* Exercise details:
For the data below, retype word for word the lines from the one containing "そして、2月5日から6日にか" through the one containing "Vintage Anchor Hocking"; drop the pictures.

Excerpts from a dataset
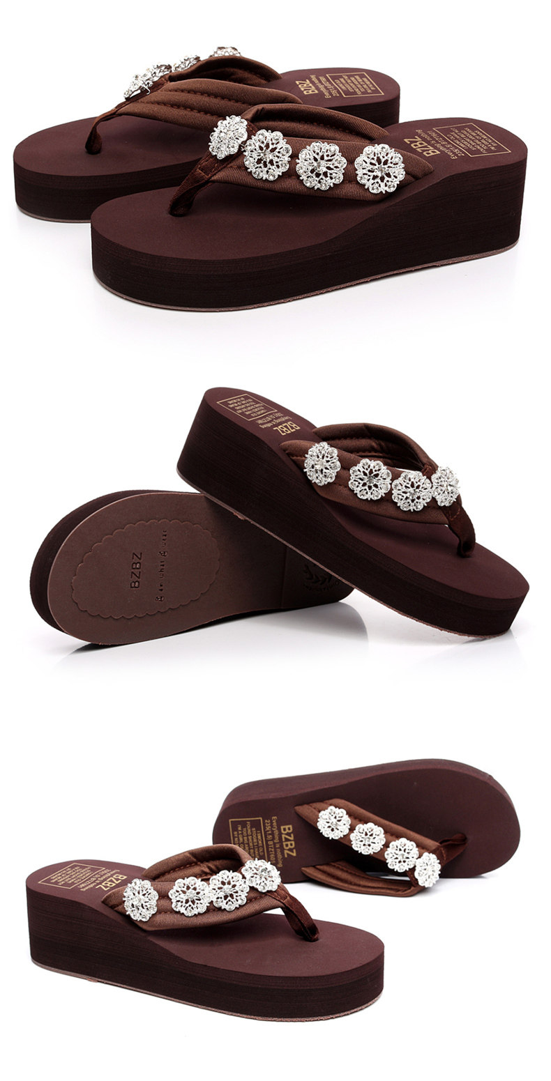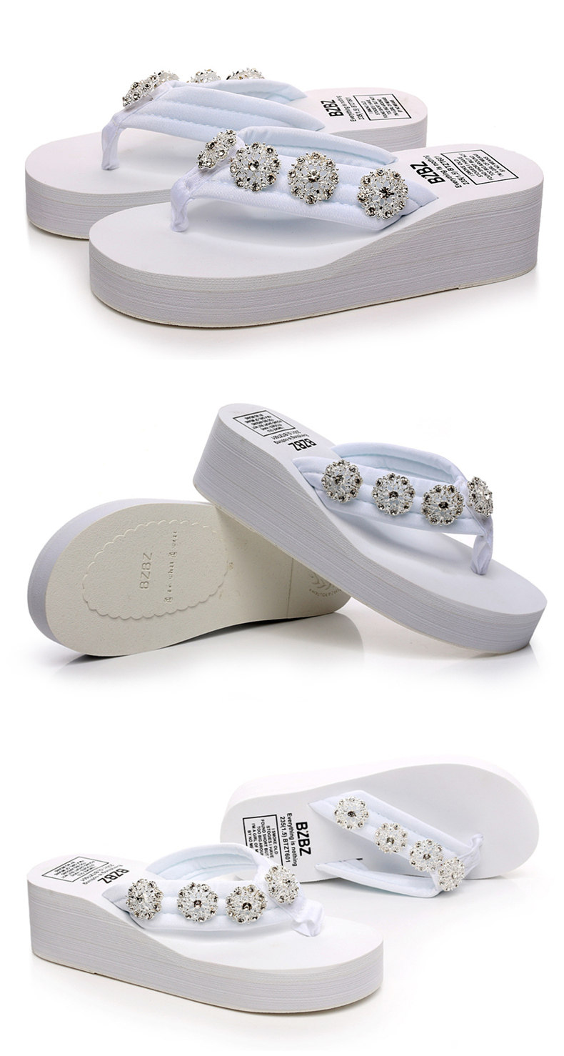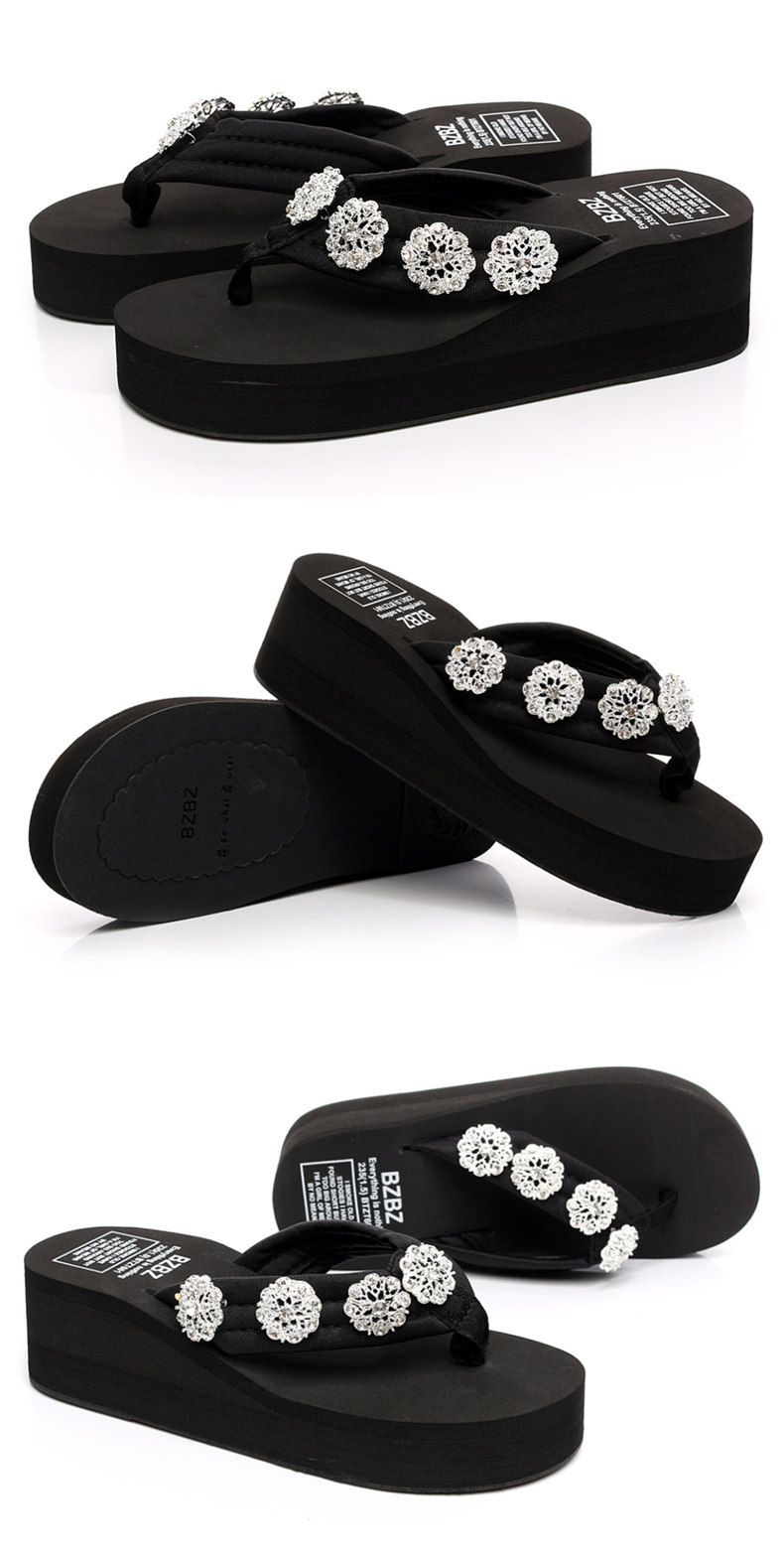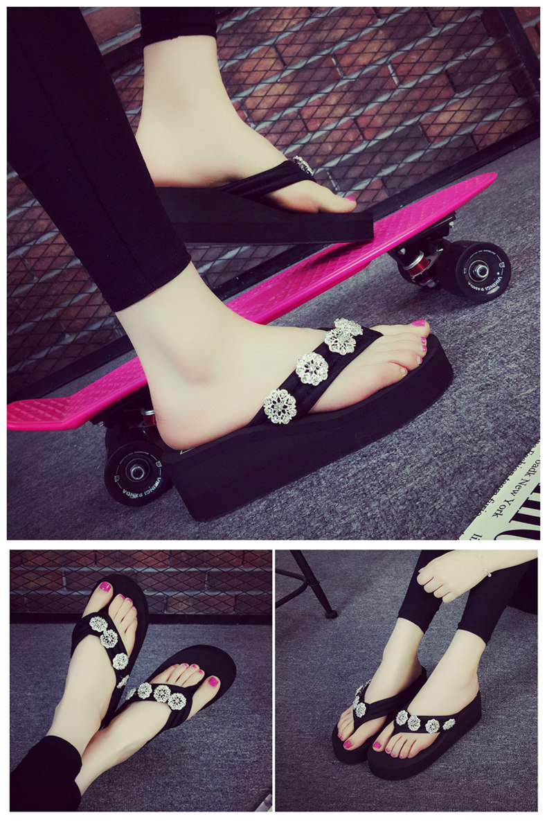 韩版坡跟凉拖鞋女夏时尚外穿水钻人字拖防滑夹脚沙滩鞋新款松糕鞋
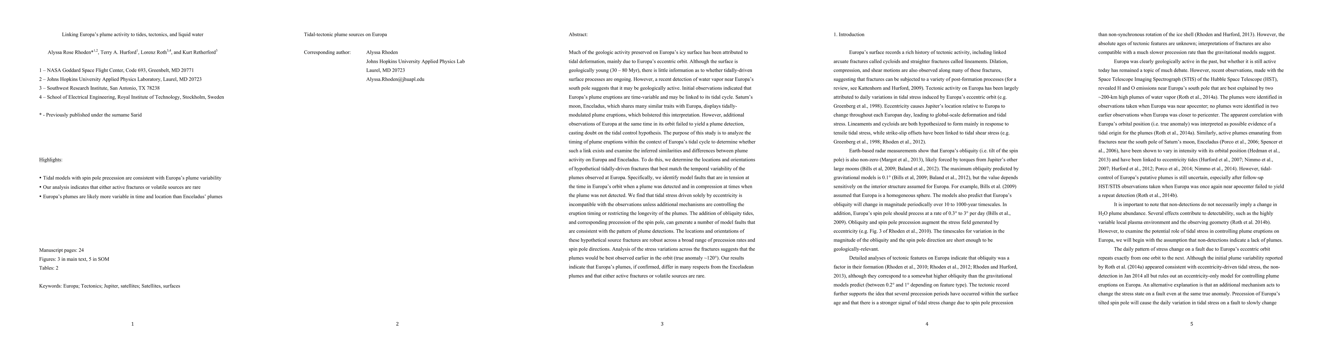This study investigates the potential link between Europa's plume activity and its tidal cycle, comparing it to Enceladus's tidally-modulated eruptions, while exploring the ongoing geological activity suggested by recent water vapor detections. The findings aim to clarify whether Europa's plumes are indeed driven by tidal forces.
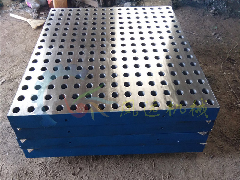 【鳳遠機械鑄鐵火工平臺的外觀】 : 鑄鐵平臺為箱型筋板式,通常底部加強筋噴涂紅色防銹漆,工作面邊沿噴涂灰色油漆,邊沿下部分噴涂藍色油漆。也可以根據用戶要求顏色噴涂。
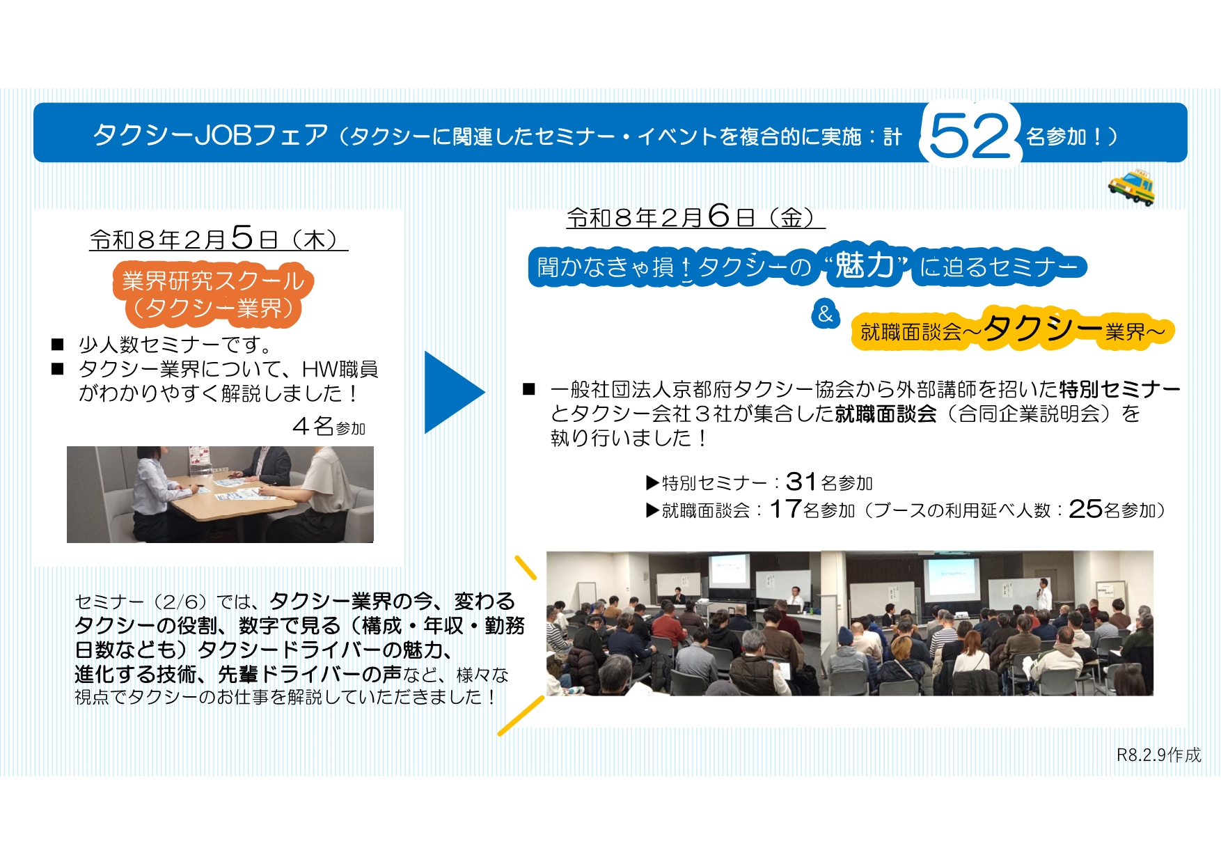 そして、2月5日から6日にかけて、「タクシーJOBフェア」として、「タクシー」に関連した業界研究セミナー、就職面談会を実施しました。
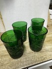 Vintage Anchor Hocking Forest Green Sandwich Glasses (4) 8 Oz. 4" Mid Century
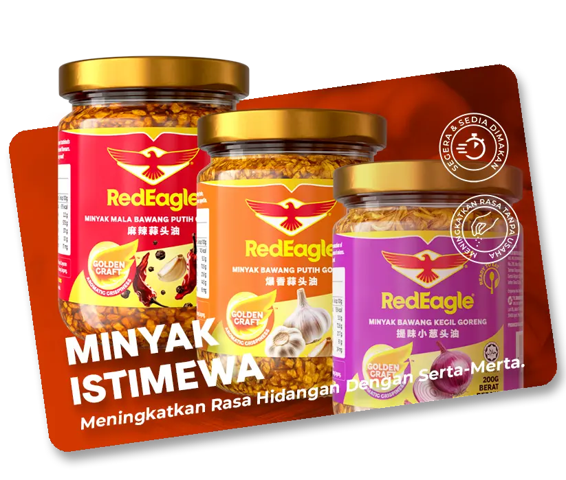 Bermula dengan minyak masak sebatian, kini berkembang kepada rangkaian minyak istimewa dan bihun. Red Eagle bukan sekadar jenama, tetapi Rakan Masakan Keemasan yang menjamin kualiti dan mengeratkan hubungan di setiap sajian.
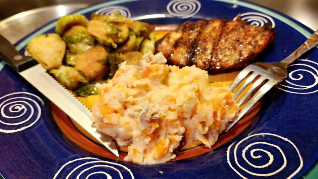 Dice onions and unpeeled potatoes and carrots and boil in salted water until tender. Drain and combine with butter, milk, and seasonings back in the pot. Smash together until fully blended.
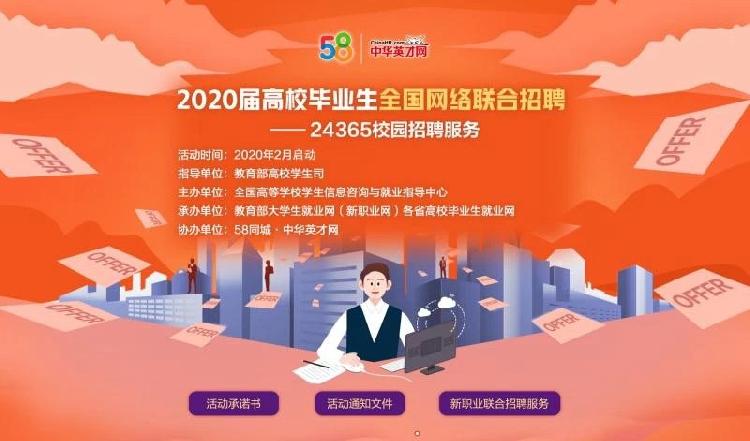 據(jù)了解,此次活動(dòng)由教育部高校學(xué)生司指導(dǎo),教育部全國(guó)高等學(xué)校學(xué)生信息咨詢與就業(yè)指導(dǎo)中心主辦,教育部大學(xué)生就業(yè)網(wǎng)(新職業(yè)網(wǎng))、各省級(jí)高校畢業(yè)生就業(yè)網(wǎng)承辦,前程無(wú)憂、智聯(lián)招聘、BOSS直聘、中華英才網(wǎng)、獵聘網(wǎng)等五家社會(huì)招聘網(wǎng)站協(xié)辦。新職業(yè)網(wǎng)負(fù)責(zé)管理統(tǒng)一的“24365校園招聘服務(wù)”活動(dòng)平臺(tái),五家社會(huì)招聘網(wǎng)站在各自平臺(tái)開(kāi)辟“24365校園招聘服務(wù)”專(zhuān)欄,初期預(yù)計(jì)提供就業(yè)崗位信息80余萬(wàn)條。
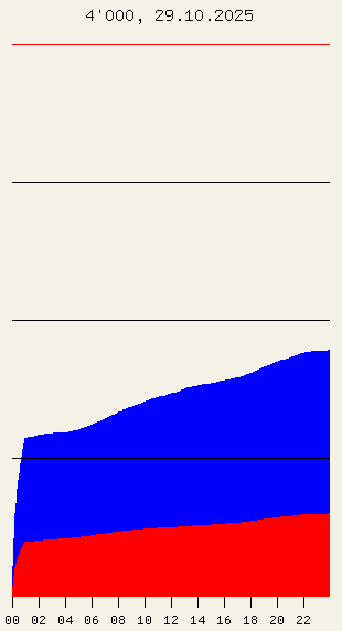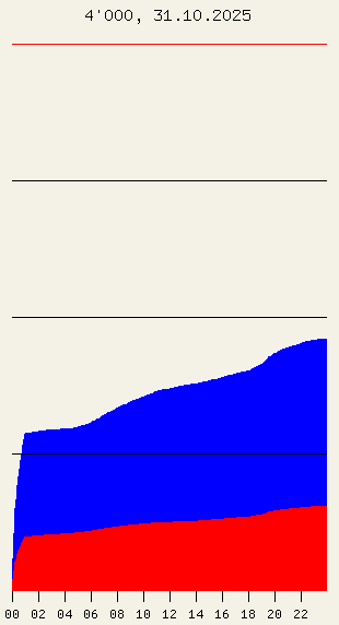 Зелёный график – общее число запросов, синий – с учётом ip-адресов (т.е. два и более запросов в день с одного и того же ip учитываются как один), красный – число успешных запросов с учётом ip-адресов.

* Solution below:
 そして、2月5日から6日にかけて、「タクシーJOBフェア」として、「タクシー」に関連した業界研究セミナー、就職面談会を実施しました。
 Vintage Anchor Hocking Forest Green Sandwich Glasses (4) 8 Oz. 4" Mid Century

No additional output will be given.